4DMT Highlights Recent Clinical Pipeline Progress, Near-Term Milestones and Organizational Updates
January 04 2024 - 8:00AM
4D Molecular Therapeutics (Nasdaq: FDMT, 4DMT or the Company),
a leading clinical-stage genetic medicines company focused on
unlocking the full potential of genetic medicines to treat large
market diseases, today announced clinical pipeline progress,
updates to near-term milestones and organizational updates.

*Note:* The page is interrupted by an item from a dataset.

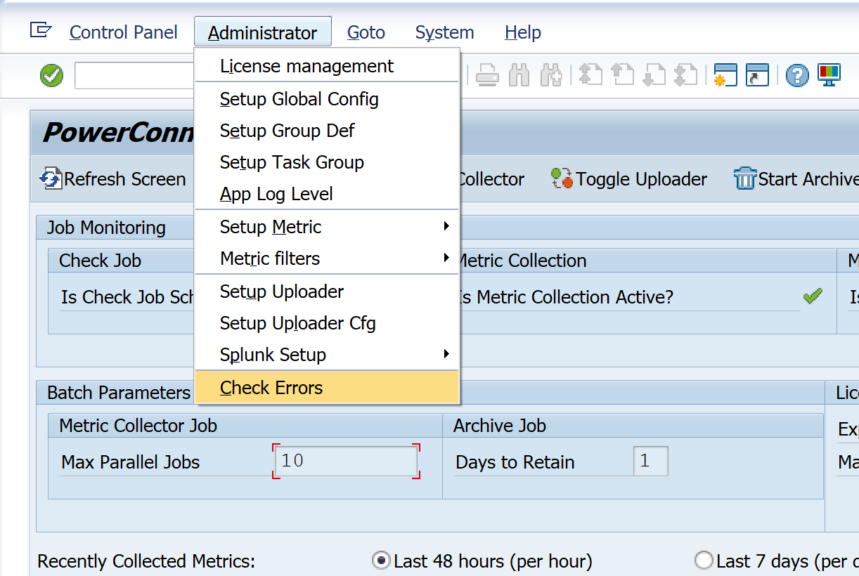 • Log into the client where the PowerConnect application is installed, and execute the /n/bnwvs/main transaction. Then go to Administrator → Check Errors.

“2023 was a landmark year for 4DMT, highlighted by rapid
enrollment for 4D-150 in wet AMD and DME, strong CFTR protein
expression data for 4D-710 in lungs of people with CF, multiple
value-generating business development partnerships, and key
additions to the Executive Team,” said David Kirn, M.D., Co-founder
and Chief Executive Officer of 4DMT. “Looking forward to 2024, we
plan to release multiple important datasets from our lead programs
in wet AMD, DME and CF. We also plan to share guidance on the
design and timing of Phase 3 clinical trials. In addition, we
expect to initiate clinical development of 4D-175 in geographic
atrophy by the second half of the year. By the end of 2024, we
intend to progress clinical development in four large market
diseases, positioning us well in our strategy to become a fully
integrated large market genetic medicines company.”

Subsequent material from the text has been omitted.